BEGIN RECORDS

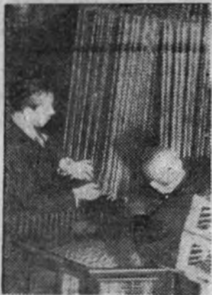
Recuento de bolas momentos antes del sorteo.
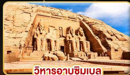
วิหารอาบูซิมเบล

น้ำหนักกระเป๋า 23Kg. (บินระหว่างประเทศ และบินภายใน)
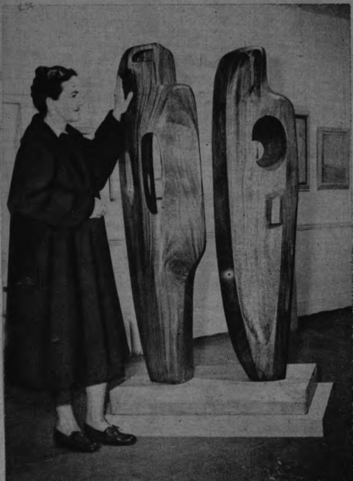
ADIVINANZA. —Bárbara Hepworth ha expuesto en Londres dos cosas hechas en madera africana. Bárbara titula a su obra «Hombre y mujer». A nuestros lectores dejamos la adivinanza de este híbrido jeroglífico.
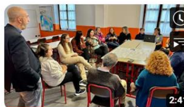
Progetto Regione 4.7 - Educazione alla cittadinanza globale
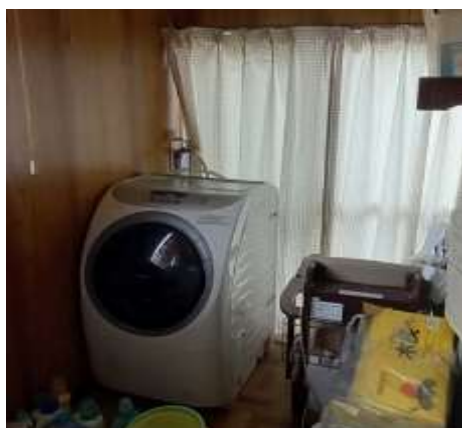
【残置物及び不用品の寄付・提供】

大家等からリユース可能な残置物や不用品を引き取り、社会福祉施設への寄付や入居者への提供を実施

END RECORDS

EXERCISE INSTRUCTIONS >> Set down all entries above again, exactly, without images.

SOLUTION >>
Recuento de bolas momentos antes del sorteo.
วิหารอาบูซิมเบล

น้ำหนักกระเป๋า 23Kg. (บินระหว่างประเทศ และบินภายใน)
ADIVINANZA. —Bárbara Hepworth ha expuesto en Londres dos cosas hechas en madera africana. Bárbara titula a su obra «Hombre y mujer». A nuestros lectores dejamos la adivinanza de este híbrido jeroglífico.
Progetto Regione 4.7 - Educazione alla cittadinanza globale
【残置物及び不用品の寄付・提供】

大家等からリユース可能な残置物や不用品を引き取り、社会福祉施設への寄付や入居者への提供を実施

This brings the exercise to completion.